Airships, which may also be referred to as blimps, aerostats, dirigibles, lighter-than-air vehicles, and high-altitude airships, have a gas impervious envelope that contains a volume of lifting gas, such as helium. The envelope typically comprises various sections of fabric that are joined by various seams. Because of the size of the airship, the number of seams required are significant.

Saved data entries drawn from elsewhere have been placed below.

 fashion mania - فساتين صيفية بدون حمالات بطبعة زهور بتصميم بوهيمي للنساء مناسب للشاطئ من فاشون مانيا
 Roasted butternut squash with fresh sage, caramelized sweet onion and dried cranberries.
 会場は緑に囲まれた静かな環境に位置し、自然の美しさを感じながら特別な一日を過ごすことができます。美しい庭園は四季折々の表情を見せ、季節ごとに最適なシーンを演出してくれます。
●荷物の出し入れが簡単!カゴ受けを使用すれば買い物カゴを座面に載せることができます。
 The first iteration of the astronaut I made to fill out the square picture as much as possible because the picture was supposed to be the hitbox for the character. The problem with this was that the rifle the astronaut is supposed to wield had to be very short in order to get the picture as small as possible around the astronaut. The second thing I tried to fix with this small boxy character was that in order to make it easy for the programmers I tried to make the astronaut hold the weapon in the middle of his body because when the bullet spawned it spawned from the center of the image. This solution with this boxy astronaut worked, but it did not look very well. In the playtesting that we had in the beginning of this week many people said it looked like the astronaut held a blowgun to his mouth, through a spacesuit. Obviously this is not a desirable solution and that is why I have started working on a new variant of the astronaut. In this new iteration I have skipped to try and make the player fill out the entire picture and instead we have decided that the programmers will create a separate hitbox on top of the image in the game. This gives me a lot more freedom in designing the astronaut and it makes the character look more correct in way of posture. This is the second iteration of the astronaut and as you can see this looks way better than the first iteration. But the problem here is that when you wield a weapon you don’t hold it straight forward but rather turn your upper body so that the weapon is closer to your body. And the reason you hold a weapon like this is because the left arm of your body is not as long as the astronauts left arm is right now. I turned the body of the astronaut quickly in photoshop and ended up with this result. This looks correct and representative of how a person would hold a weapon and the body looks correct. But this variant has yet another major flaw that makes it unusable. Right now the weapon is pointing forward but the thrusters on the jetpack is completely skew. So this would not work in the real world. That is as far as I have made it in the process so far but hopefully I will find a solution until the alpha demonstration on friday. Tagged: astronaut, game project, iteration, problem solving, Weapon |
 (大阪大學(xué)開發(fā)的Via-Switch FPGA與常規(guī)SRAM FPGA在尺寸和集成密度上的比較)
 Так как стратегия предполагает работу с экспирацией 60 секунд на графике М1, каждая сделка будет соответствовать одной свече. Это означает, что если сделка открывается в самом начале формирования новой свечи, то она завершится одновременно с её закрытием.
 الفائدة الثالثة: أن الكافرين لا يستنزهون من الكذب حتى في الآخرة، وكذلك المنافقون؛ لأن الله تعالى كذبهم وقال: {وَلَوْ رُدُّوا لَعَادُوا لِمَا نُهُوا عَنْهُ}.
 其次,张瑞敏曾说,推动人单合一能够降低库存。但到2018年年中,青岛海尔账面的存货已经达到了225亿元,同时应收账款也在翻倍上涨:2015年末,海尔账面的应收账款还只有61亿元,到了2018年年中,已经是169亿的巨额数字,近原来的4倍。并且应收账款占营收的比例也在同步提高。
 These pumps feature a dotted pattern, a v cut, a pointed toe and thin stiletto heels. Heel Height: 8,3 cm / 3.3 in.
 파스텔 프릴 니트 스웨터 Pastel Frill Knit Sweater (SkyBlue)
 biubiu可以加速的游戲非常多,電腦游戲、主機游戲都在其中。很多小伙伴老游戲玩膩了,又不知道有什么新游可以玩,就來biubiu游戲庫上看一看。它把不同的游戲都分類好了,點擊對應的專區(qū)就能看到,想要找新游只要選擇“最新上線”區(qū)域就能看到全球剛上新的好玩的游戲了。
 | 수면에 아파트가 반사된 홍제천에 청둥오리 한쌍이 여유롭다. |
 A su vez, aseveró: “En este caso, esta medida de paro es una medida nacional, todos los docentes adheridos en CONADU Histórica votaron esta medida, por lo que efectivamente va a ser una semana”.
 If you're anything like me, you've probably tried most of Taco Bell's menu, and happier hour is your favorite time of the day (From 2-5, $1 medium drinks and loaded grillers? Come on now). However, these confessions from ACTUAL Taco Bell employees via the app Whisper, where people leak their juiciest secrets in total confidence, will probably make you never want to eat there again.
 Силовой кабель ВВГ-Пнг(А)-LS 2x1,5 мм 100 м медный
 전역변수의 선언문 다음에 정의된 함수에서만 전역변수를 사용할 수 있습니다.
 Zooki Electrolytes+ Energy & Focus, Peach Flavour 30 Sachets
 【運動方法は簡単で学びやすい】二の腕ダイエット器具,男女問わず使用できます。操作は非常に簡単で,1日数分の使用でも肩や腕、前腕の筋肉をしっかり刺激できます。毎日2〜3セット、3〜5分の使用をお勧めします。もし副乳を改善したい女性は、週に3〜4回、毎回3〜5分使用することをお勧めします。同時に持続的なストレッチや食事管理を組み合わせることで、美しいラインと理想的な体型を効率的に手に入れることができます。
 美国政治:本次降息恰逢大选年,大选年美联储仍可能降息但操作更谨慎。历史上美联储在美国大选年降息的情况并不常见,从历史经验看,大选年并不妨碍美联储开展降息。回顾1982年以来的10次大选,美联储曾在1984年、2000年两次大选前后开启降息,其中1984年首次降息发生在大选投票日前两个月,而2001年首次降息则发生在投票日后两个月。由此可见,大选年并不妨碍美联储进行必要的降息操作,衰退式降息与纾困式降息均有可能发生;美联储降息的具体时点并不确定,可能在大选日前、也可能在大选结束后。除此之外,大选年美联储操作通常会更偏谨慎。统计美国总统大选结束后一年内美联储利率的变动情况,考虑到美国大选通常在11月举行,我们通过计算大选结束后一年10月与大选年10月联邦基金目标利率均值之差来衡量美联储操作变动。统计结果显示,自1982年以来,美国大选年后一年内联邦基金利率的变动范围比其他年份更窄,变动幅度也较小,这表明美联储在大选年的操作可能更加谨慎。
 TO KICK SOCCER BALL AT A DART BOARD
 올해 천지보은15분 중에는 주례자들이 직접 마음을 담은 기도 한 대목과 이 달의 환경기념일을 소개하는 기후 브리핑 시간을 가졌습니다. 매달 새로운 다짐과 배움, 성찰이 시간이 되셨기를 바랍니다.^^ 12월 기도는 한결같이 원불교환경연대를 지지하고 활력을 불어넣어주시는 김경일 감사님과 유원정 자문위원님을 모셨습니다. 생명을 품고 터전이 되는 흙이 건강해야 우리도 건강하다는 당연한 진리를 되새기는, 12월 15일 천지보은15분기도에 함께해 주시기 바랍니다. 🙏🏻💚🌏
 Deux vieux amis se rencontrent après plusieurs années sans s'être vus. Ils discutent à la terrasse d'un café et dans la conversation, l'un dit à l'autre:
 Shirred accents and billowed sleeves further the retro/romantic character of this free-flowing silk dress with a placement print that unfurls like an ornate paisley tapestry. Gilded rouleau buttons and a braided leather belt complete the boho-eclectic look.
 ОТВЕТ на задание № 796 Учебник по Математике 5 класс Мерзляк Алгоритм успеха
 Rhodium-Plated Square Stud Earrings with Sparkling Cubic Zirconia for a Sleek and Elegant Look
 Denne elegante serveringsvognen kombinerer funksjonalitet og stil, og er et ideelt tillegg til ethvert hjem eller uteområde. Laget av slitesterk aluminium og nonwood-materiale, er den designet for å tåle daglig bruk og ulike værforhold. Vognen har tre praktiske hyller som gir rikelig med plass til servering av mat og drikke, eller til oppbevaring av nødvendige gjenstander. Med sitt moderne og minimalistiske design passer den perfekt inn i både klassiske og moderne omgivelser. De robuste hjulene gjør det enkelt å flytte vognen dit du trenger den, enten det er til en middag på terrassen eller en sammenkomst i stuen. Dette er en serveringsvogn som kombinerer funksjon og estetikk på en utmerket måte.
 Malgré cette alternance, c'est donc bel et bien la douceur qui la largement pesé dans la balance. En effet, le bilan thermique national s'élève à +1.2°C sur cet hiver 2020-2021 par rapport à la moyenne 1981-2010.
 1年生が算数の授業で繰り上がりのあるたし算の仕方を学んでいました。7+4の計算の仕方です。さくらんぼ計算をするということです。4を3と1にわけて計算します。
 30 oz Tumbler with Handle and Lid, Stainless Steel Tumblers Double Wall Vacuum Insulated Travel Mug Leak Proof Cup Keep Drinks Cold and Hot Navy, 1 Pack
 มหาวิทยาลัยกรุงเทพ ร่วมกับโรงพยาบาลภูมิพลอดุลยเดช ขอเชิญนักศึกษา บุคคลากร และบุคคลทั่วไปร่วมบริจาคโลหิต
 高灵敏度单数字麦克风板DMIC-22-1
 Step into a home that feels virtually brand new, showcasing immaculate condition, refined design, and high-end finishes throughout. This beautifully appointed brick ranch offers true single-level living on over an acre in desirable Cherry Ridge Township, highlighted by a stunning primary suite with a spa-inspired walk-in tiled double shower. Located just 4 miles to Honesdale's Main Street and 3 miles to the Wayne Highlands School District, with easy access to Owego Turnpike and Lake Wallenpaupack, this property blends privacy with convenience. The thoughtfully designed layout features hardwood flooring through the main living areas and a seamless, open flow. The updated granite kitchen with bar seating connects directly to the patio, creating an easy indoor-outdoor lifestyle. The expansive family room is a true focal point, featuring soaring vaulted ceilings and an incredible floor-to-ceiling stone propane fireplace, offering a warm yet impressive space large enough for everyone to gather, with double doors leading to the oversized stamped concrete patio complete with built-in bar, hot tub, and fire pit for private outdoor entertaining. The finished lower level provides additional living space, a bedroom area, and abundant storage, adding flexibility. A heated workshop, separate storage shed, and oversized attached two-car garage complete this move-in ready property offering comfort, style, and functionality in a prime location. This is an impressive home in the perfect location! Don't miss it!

One type of prior art seam commonly used to form the envelope of most airships is a butt-joint seam, generally referred to by the numeral 10 as shown in FIG. 1 of the drawings. The butt joint seam 10 has been found to have acceptable durability, and resiliency to accommodate the operating requirements of the airship. The butt-joint seam 10 is formed by providing at least a first and a second opposed sections of fabric 12 and 14, having opposed edges that are positioned adjacent one another so that they abut or so that they are slightly spaced apart so as to form a joint area 15. Alternatively, the fabric edges 12 and 14 may slightly overlap one another to form the joint area 15, however such arrangement is typically avoided. Each of the fabric sections 12 and 14 may be comprised of a straight ply 18A,18B and a barrier ply 16A,16B that are adhesively laminated together. As used herein, the A suffixes are associated with fabric section 12 and the B suffixes are associated with fabric section 14. When incorporated into the airship, the straight plies 18A,18B face the interior volume of the envelope, while the barrier ply 16A,16B face the external environment. Moreover, each of the fabric sections 12,14 provide an outer and an inner bonding surface 20 and 22 respectively. The fabric sections 12 and 14 are joined using an adhesive carrying cover tape 24 and an adhesive carrying seam tape 26, which are adhesively laminated to the outer bonding surface 20 and the inner bonding surface 22 respectively. In other words, the cover tape 24 is adhesively disposed upon the outer surface 20, while the seam tape 26 is applied to the inner surface 22 in a laminated manner. The seam tape 26 distributes loads resulting from forces applied to the seam 10, while the cover tape 24 is provided to protect the exposed edges of the straight plies 18A,18B and the barrier plies 16A,16B in the joint area 15 from environmental forces, such as UV radiation, while enhancing the lifting gas retention properties of the envelope. Moreover, the outer surface 20 of the barrier plies 16A,16B, and the cover tape 24 maintain an aluminum coating that serves to reduce the permeability of the lifting gas through the seam 10, and the fabric sections 12,14 that make up the envelope of the airship.
While the butt-seam 10 discussed above utilizes a single seam tape 26, it is advantageous to further increase the strength and durability of the seam 10. One manner to achieve this increased strength, is by replacing the cover tape 24 with another section of seam tape 26, to form a double tape butt joint seam. Unfortunately, the utilization of a second seam tape 26 upon the barrier plies 16A,16B would not add any appreciable strength to the seam 10, as the barrier plies 16A,16B to which the second seam tape would be attached is not a load carrying member of the seam 10 in the principal load carrying directions (hoop and axial) of the airship. Therefore, a designer of an airship using conventional seam arrangements is generally limited to the strength achieved by use of a butt joint that utilizes a single seam tape 26.
Additionally, when the butt-seam 10 is used to join large sections of fabric as in the formation of the airship envelope, significant amounts of seamed area are generated, which due to the use of the structural tape 26, and cover tape 24, imparts unwanted weight to the airship. Further, because the seam tape 26 of the butt-seam 10 is only applied to the inner surface 22 of the fabric sections 12,14 when the butt-seam 10 is formed, loads applied to the seam 10 are distributed across the inner surface of the seam in an unbalanced manner. In addition, because of the unbalanced distribution, the surface of the butt-seam 10 generates stress concentrations, without providing backup for flaws that may exist in the adhesion interface between the joined fabric sections 12,14 about the joint 15.
Therefore, there is a need for a splice seam that does not utilize a seam tape or a cover tape, or eliminates just the cover tape so as to reduce the weight of the seam. Additionally, there is a need for a splice seam that is able to distribute forces from an applied load uniformly across the joint of the splice seam. Furthermore, there is a need for a splice seam that has reduced stress concentrations when a load is applied thereto. Still yet, there is a need for a splice seam that has reduced helium permeability.